И вдруг, в этом постепенном отупении – встряска, дикая, безобразная встряска, холодный ужас! По гудку, возвещающему конец работы, мы выходим во двор: и вдруг, перед главной проходной, – виселица! Худое, безжизненное тело, неестественно вытянутая шея, прямой затылок – и незнакомое мертвое лицо. На груди спецовки – картонка с какой-то надписью. Я не вижу, я же близорукая, но какая разница, что там написано!.. Кто-то сзади говорит: это рабочий из жирового цеха, он вроде бы кусок сала украл…
На крыльцо конторы, похлестывая хлыстиком по сапогу, с недоброй ухмылкой выходит Кюхлер, военный начальник Комбината. Склонив голову на правое плечо, он с интересом наблюдает, как реагируют на событие вытекающие из цехов рабочие. Будь ты проклят, зверюга!
На следующее утро, перед работой в цех, как обычно, заходит Ефим Родионович. Необычным, сиплым голосом он говорит:
– Приказано довести до вашего сведения… Да что тут говорить – вы сами все видели…
Голос его срывается, и махнув рукой, он не оглядываясь выходит из цеха. Цех оглушенно молчит.
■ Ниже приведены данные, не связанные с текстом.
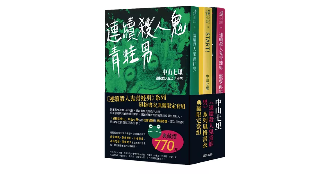 博客來-連續殺人鬼青蛙男系列典藏限定套組:【特殊主題風格書衣新裝版】訂購網址: https://www.books.com.tw/exep/assp.php/87926/products/0010812635?utm_source=87926&utm_medium=ap-books&utm_content=recommend&utm_campaign=ap-201903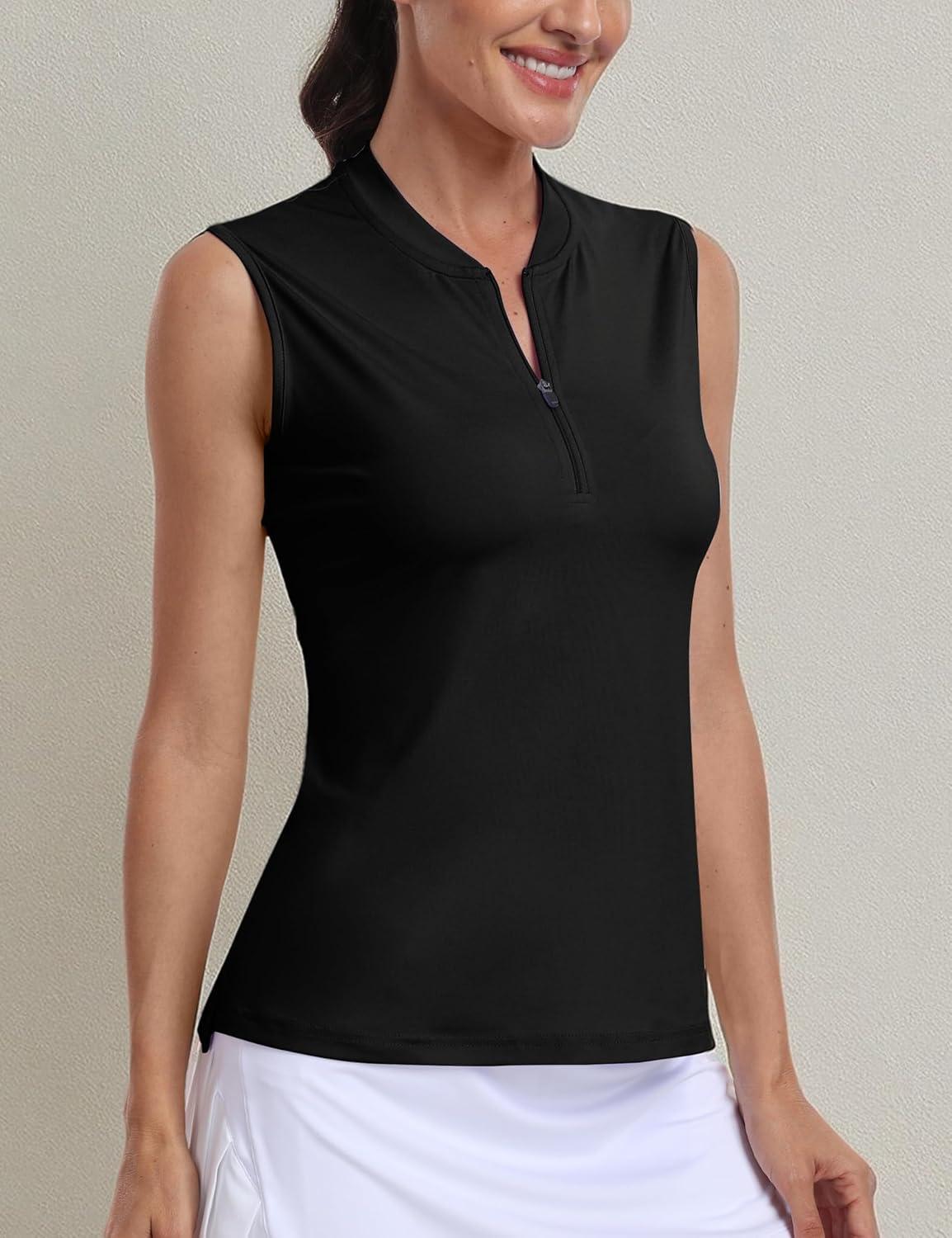 MoFiz Women’s Golf Polo Shirt Sleeveless 1/4 Zip Collarless Tennis Tank Tops Quick-Dry Lightweight Athletic Sport T-Shirt(Black)

Три дня около виселицы маячил Вальтер Аузер, начальник охраны – русский немец в немецкой шинели. Повешенного не снимали три дня – в назидание и предупреждение остальным рабочим. Три дня Петр Петрович ходил с отвердевшим, потемневшим лицом: цивильный начальник производства не властен над военной охраной! Представляю, что у него на душе творилось!
.

Нас, слава Богу, военная охрана особым вниманием не удостаивала: красть в нашем цеху нечего – вся наша продукция несъедобна. Тем не менее, тень повешенного маячила передо мной неотступно – даже во сне. Говорили, что у этого бедняги осталось дома двое детей, жена и старуха-мать. Он был единственным кормильцем – как им теперь выжить?
Овладеть немудреной технологией вязания зубных щеток мне удается без особого труда: к концу второй недели я уже выполняла норму почти без брака – так что мне уже стали начислять зарплату. Платили оккупационными марками. По слухам, эта валюта имела хождение только на оккупированной территории: в самой Германии она была недействительна.
На базаре их принимали неохотно – предпочитали советские рубли, и хотя это создавало значительные затруднения, с другой стороны, подогревало в сердце надежду, что им, этим маркам, недолго ходить по нашей земле!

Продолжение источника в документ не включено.